PROVIDED ENTRIES section start
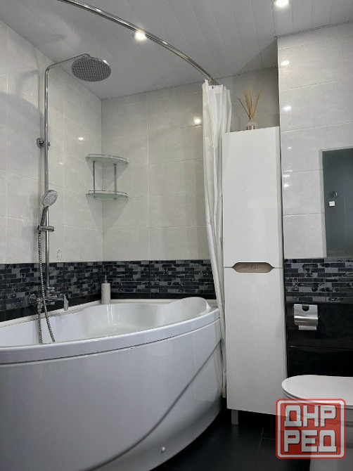 с\у совмещённый, с хорошей и чистой сантехникой, установлен водонагреватель, на период летнего отключения воды, проведен интернет, кабельное телевидение, установлены кондиционеры.
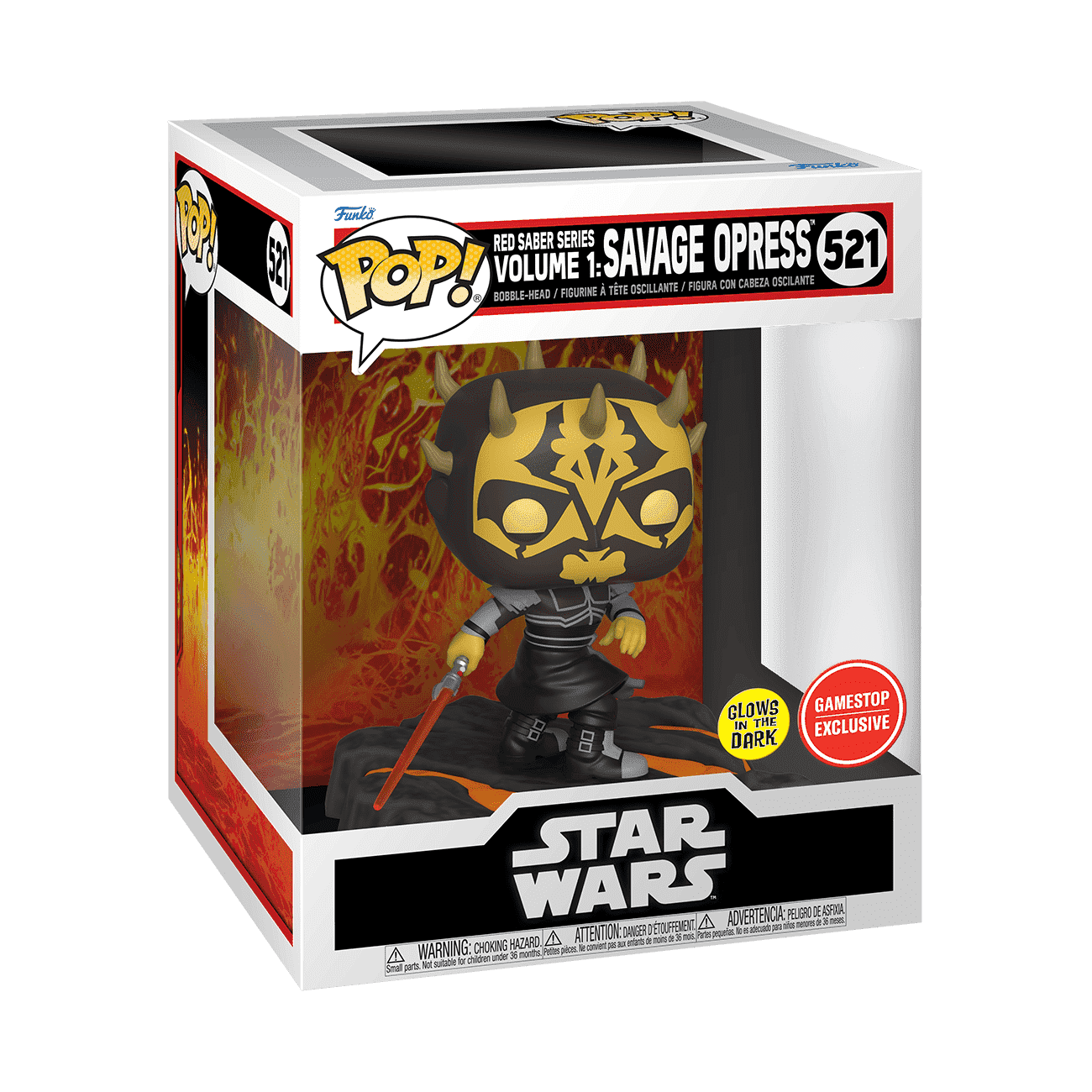 Embrace the power of the Sith with the new, GameStop exclusive Red Saber Series Volume 1: Savage Opress™ Pop! collectible. The lava and lightsabers™ of this ominous figure glow in the dark! Expand your Star Wars™ collection empire with the Red Saber Series bobblehead figures today! Vinyl bobblehead is approximately 4.52 in (11.5 cm) tall.
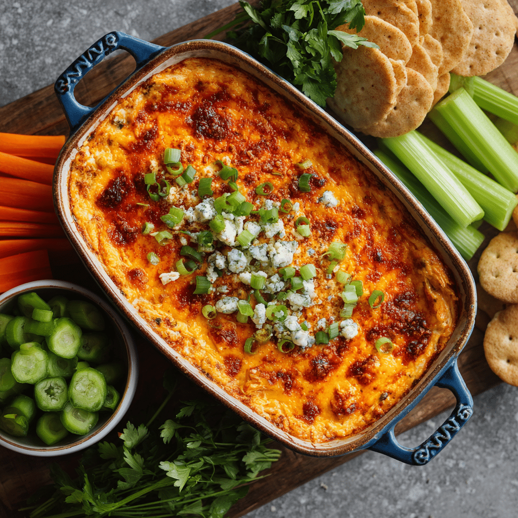 This Game Day Buffalo Chicken Dip Recipe is creamy, spicy, and deeply comforting. I make it with tender shredded chicken, silky cream cheese, tangy Greek yogurt, and bold Buffalo sauce, then bake it until bubbly and golden. It’s the kind of warm, shareable dip that disappears fast on game day, at parties, or during cozy family nights—serve it with chips, toasted bread, or crunchy veggies for the perfect bite.
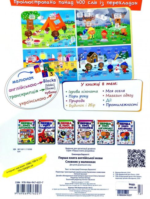 "Перша книга англійської мови. Словник у малюнках (зелений)" від Елеонори Барзотті, видавництва "Пегас", є навчальним посібником для початківців у вивченні англійської мови.
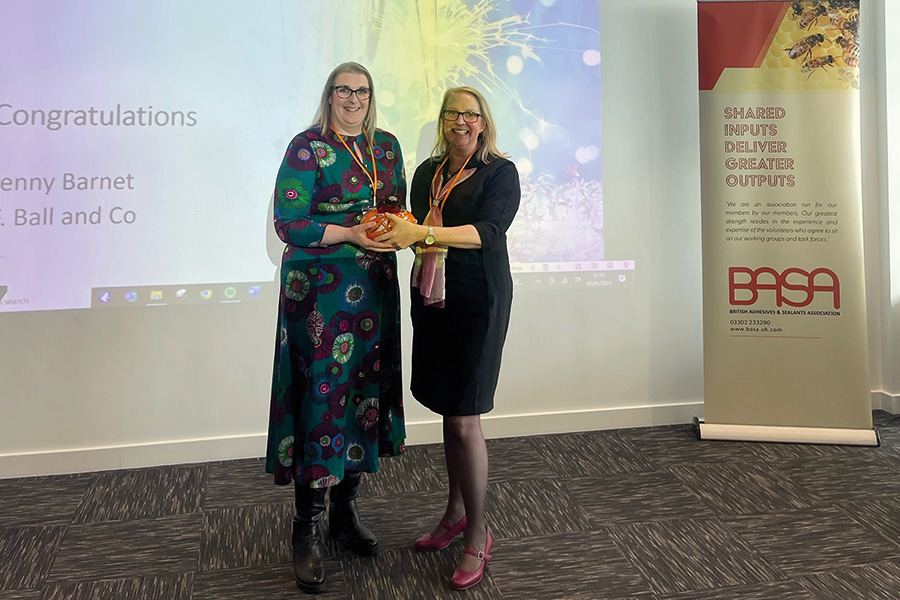 F BALL and Co’s safety, health, environment and quality assurance (SHEQ) manager Jenny Barnett has been recognised for services to the adhesives and sealants industry, receiving the Max Kochmann Award from the British Adhesives & Sealants Association (BASA).
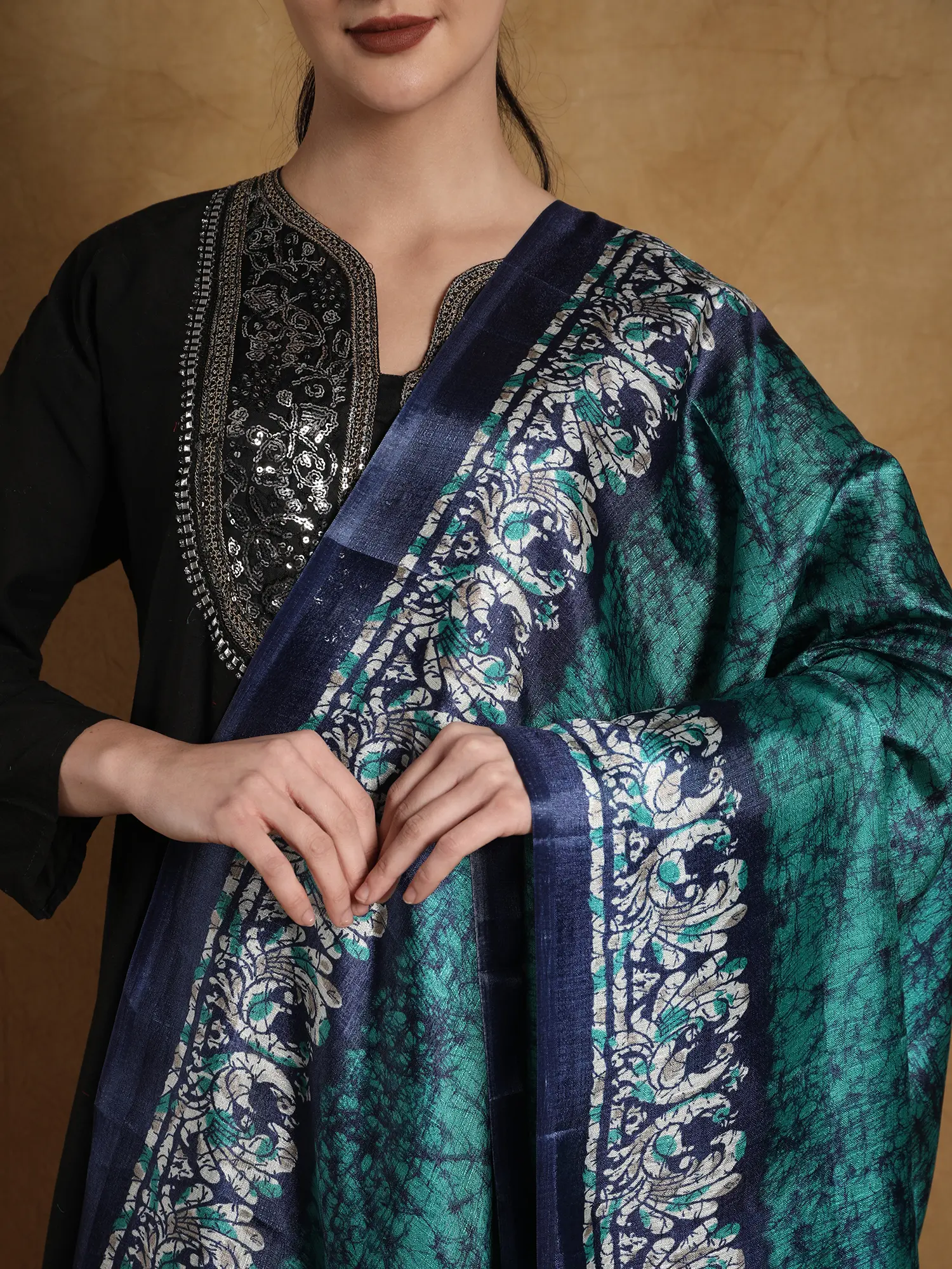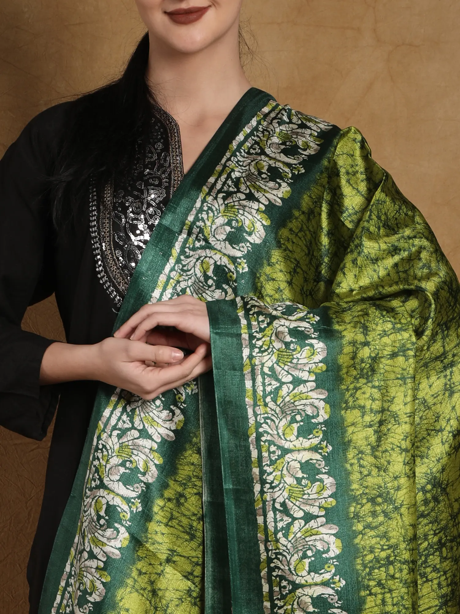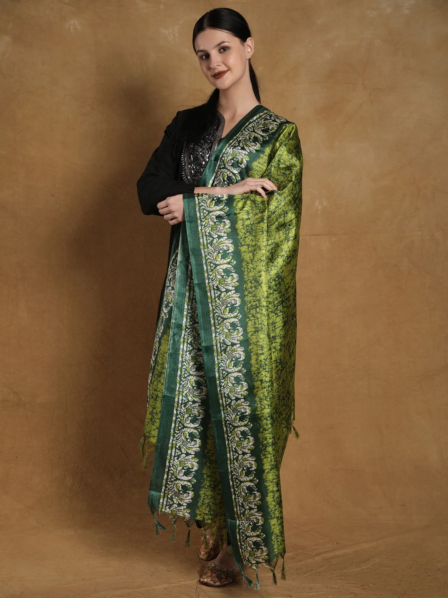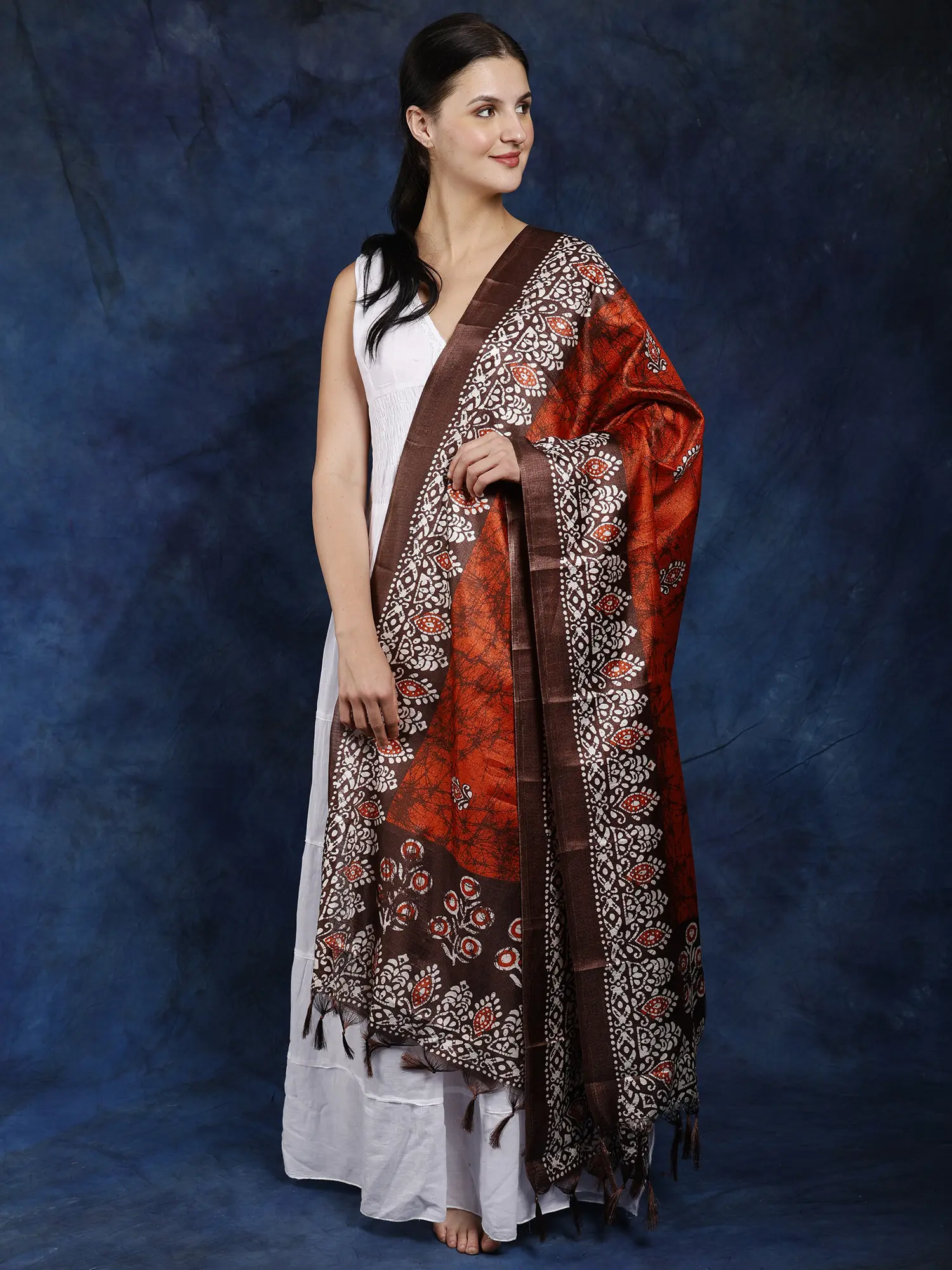 The meshed magic of Batik patterns is recreated in this art silk dupatta, covered in classic Batik technique-inspired elements. Tassels on the length of the dupatta and beautiful peacock motifs on the border add a stylish beauty to the gorgeousness of the fabric, making it a fashionable addition to your wardrobe.
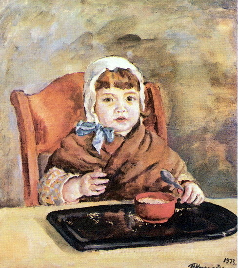 Nous vous proposons une reproduction artisanale sur toile du célèbre tableau 'Katya avec des grains' de Pyotr Konchalovsky, provenant du Musée de la Reproduction.
PROVIDED ENTRIES section end
◆ PROBLEM DESCRIPTION ◆
In the records above, find the line with "вивченні англійської мови." and the line with "The meshed magic". Write out exactly those lines and every one between, with no pictures and no other lines.

◆ ANSWER TO THIS PROBLEM ◆
 "Перша книга англійської мови. Словник у малюнках (зелений)" від Елеонори Барзотті, видавництва "Пегас", є навчальним посібником для початківців у вивченні англійської мови.
 F BALL and Co’s safety, health, environment and quality assurance (SHEQ) manager Jenny Barnett has been recognised for services to the adhesives and sealants industry, receiving the Max Kochmann Award from the British Adhesives & Sealants Association (BASA).
 The meshed magic of Batik patterns is recreated in this art silk dupatta, covered in classic Batik technique-inspired elements. Tassels on the length of the dupatta and beautiful peacock motifs on the border add a stylish beauty to the gorgeousness of the fabric, making it a fashionable addition to your wardrobe.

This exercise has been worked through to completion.